Benchmark on a Parallel Processing Monster!
Last year I wrote about a benchmark which I performed on the Parallel Aggregate feature that I worked on for PostgreSQL 9.6. I was pretty excited to see this code finally ship in September last year, however something stood out on the release announcement that I didn’t quite understand:
Scale Up with Parallel Query
Version 9.6 adds support for parallelizing some query operations, enabling utilization of several or all of the cores on a server to return query results faster. This release includes parallel sequential (table) scan, aggregation, and joins. Depending on details and available cores, parallelism can speed up big data queries by as much as 32 times faster.
It was the “as much as 32 times faster” that I was confused at. I saw no reason for this limit. Sure, if you have 32 CPU cores, then that’ll be the limit, but what if you had…. say…. 72 of them?
Luckily I just happened to get access to such a machine, thanks to our friends over at Postgres-Pro.
Hardware
- 4 x E7-8890 v3 CPUs (72 cores, 144 with HT)
- 3TB RAM
- P830i RAID controller (4GB write cache)
- 10x 1.92TB RAID10 12Gbps SAS SSD (VO1920JEUQQ)
- CentOS 7.2.1511 (with kernel 3.10.0-327.13.1.el7)
Benchmark
I decided to perform the same TPC-H Query 1 that I had used last year on the 32 core server. This performs some fairly complex aggregation on a single table. My weapon of choice was PostgreSQL 9.6.
I decided to use a dataset 1 TB in size, meaning that there was about 6 billion rows in the “lineitem” table.
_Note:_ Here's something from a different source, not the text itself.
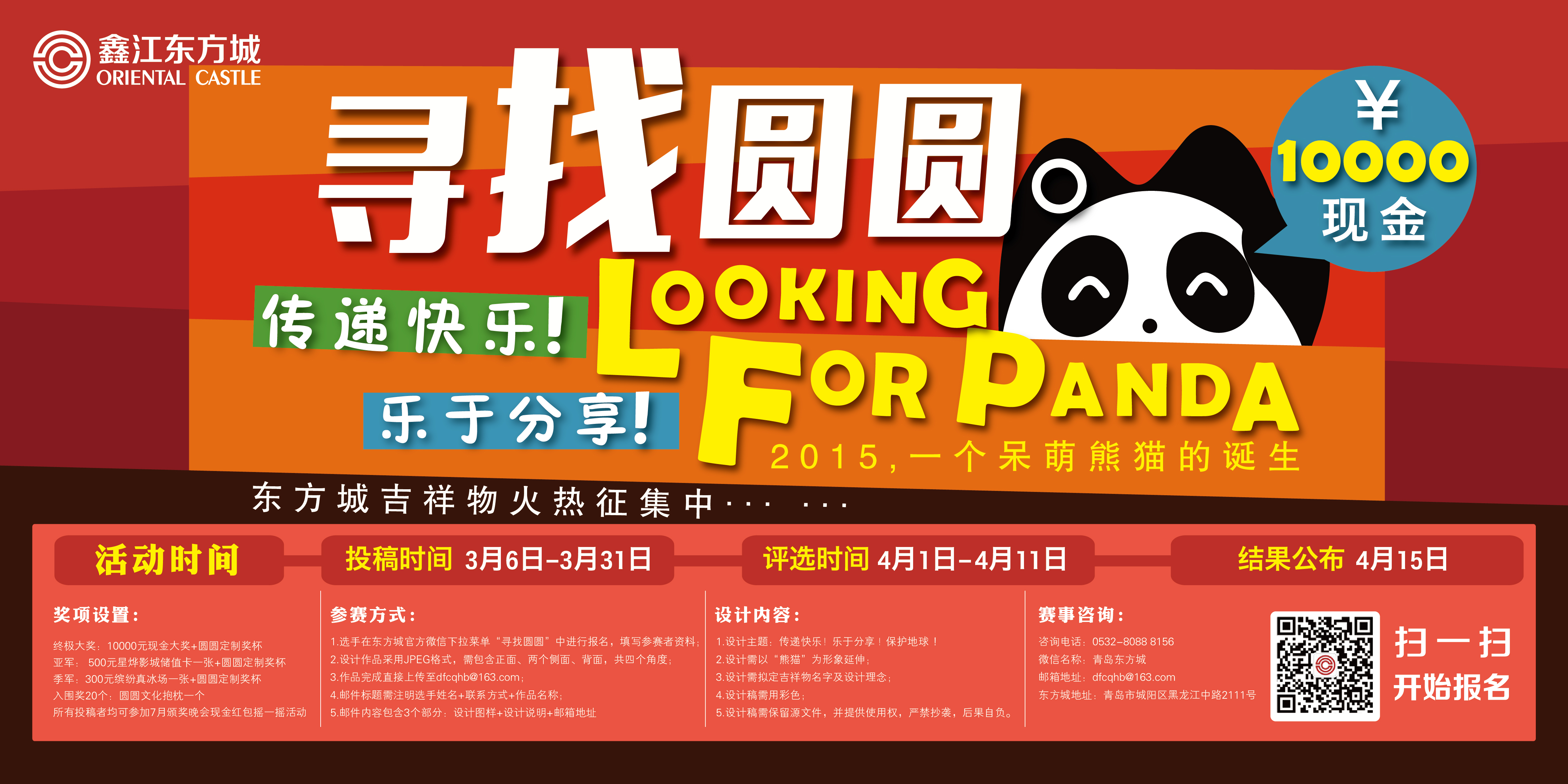 鑫江东方城位于黑龙江中路城阳段,是北青岛一站式购物中心典范,一直以建立人文与自然相融合的家庭娱乐式体验公园而努力,2015年我们要把概念延伸和推广,现举办以传递快乐、乐于分享、保护地球为主题的吉祥物征集活动。

The output of the query produces only 4 rows, which means the parallel part of the query, in this case a Parallel Seq Scan, followed by a Parallel Partial Aggregate is the vast majority of the work, whereas the sequential part, the Finalize Aggregate and the Sort, are very short, and they only produce 4 rows.
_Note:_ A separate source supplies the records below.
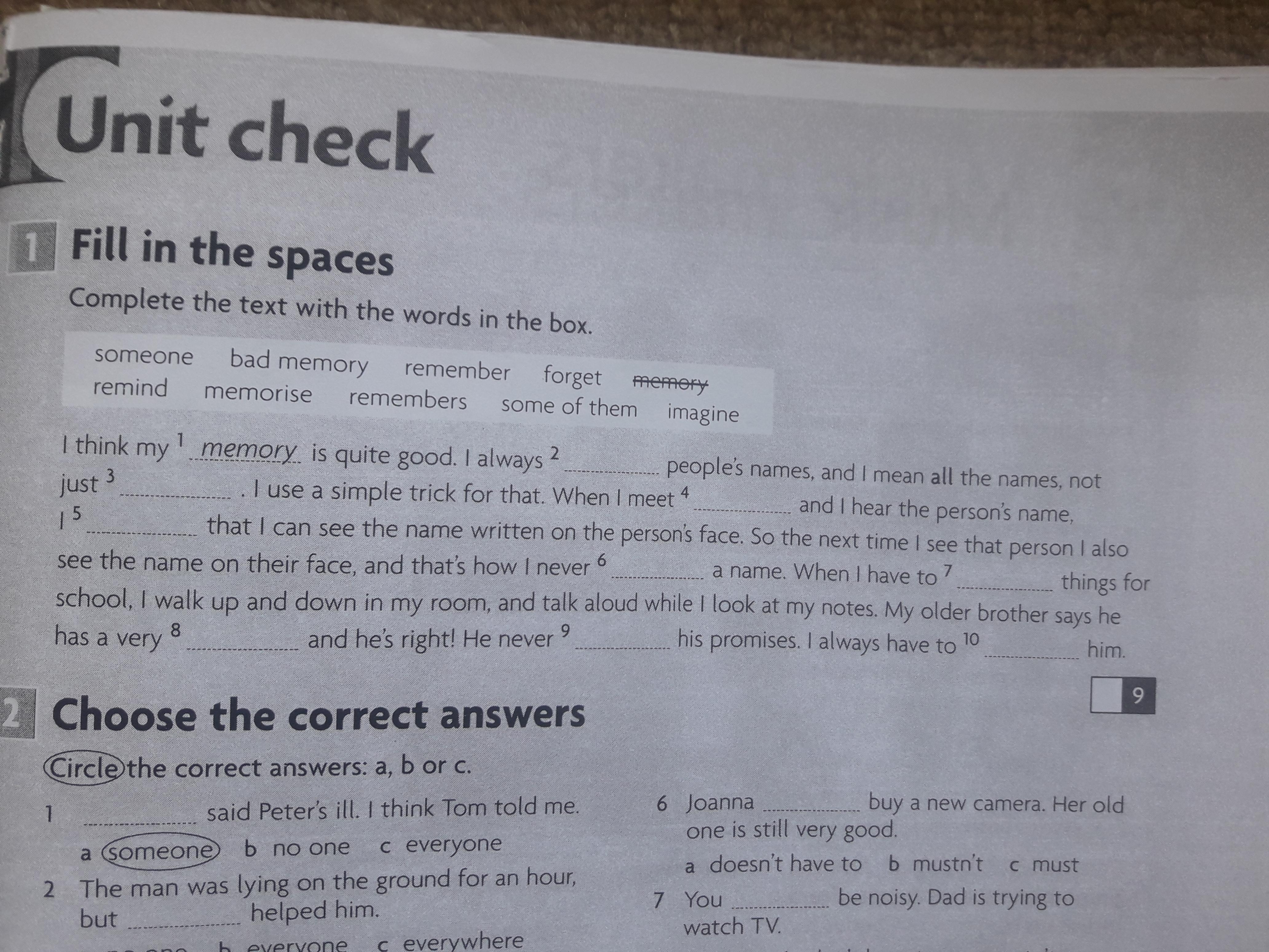 Ответ: remember, some of them, someone, imagine, forget, memorise, bad memory, remembers, remind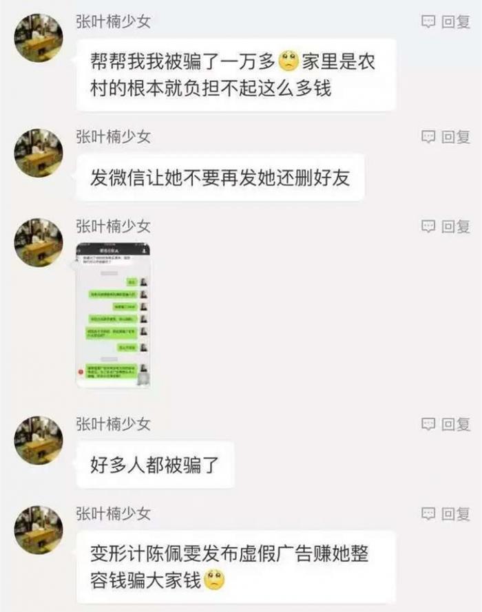 网友还添加了网红陈佩雯本人的微信,说完自己被欺骗的经历,就被删除好友了。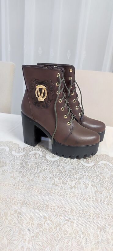 Qəhvəyi rəngdə, qalın dabanlı və platformalı P.Letto brendinə məxsus bağcıqlı botilyonlar.2 defe geyinilib teze kimidir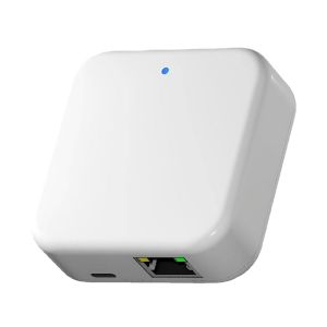 Шлюз Ethernet з підтримкою застосунку TTLock; віддалене керування підключеними замками через дротовий інтернет; мережевий стандарт IEEE802.3; підключення за допомогою мережевого UTP-кабелю, роз’єм RJ45; живлення: DC 5 В через Type-C USB; струм споживання: 500 мА; 70 / 70 / 26 мм

I tested various parallel worker counts by performing:
ALTER TABLE lineitem SET (parallel_workers= <number of parallel worker processes>);
Due to the high number of cores in this server I performed this in increments of 4, after having reached 4 parallel workers.
Results
We can see that the server is able to scale quite well up until around 72 workers, where the efficiency starts dropping fast. That’s not too big a surprises giving that this server has 72 cores. In this case 100% efficiency would mean that if we went from 5 workers to 10 that the query response times would half. The red line in the chart marks this theoretical maximum, and the green line (efficiency) shows how close we actually got to this.
I created a “base time” to calculate this efficiency by simply disabling parallelism altogether, and running the query on a single CPU core, which resulted in a query time of 9052.8 seconds. The fastest times I saw were around the 72 to 76 parallel worker mark, with 149.7 and 148.6 seconds respectively. This means we got a speed up of almost 61 times! Slightly more than the 32 claimed by the release notes. Is that undersell over deliver, maybe?
And just for fun
I thought I’d remove the log scale on the seconds axis, just so we can see the performance in linear time.
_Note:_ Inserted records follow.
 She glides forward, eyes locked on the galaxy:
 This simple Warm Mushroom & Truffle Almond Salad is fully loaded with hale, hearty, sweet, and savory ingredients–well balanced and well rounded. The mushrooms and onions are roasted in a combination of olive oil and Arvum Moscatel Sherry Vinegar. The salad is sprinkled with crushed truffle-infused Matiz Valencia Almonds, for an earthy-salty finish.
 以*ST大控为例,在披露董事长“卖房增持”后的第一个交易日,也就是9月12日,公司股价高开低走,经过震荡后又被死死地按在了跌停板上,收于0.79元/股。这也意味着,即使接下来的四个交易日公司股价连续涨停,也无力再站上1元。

Not such a useful chart, but impressive how much performance has increased over the non-parallel query.
OK, so just where are the limits?
Well, I just so happened to test that too! Of course not all limits, but I wondered where the scaling would stop on this machine.
I simplified the query to become a simple SELECT COUNT(*) from lineitems; and on testing, I came hard up against the lock which the parallel workers use obtain the page number which they’re to process next. This stops two workers both processing the same page, which would give incorrect results. Within this lock, the parallel worker is only trying to get a page number to look at next, not the actual page itself. This means that the parallel worker processes were waiting for other fellow workers to simply read a 32 bit numerical value and add the value of 1 to it (so it’s ready for the next worker to read), before finally releasing the lock. Which means if we added even more CPUs, I’d have eventually hit this lock in TPCH-Q1 too.
The great news is that this will be very easy to put right, as currently the workers only take one page at a time. If we just gave them a few at once when the table is large, then that would solve that problem as each worker would have more work to do before having to check what it should to do next.
Thanks to everyone involved in making PostgreSQL a parallel processing monster!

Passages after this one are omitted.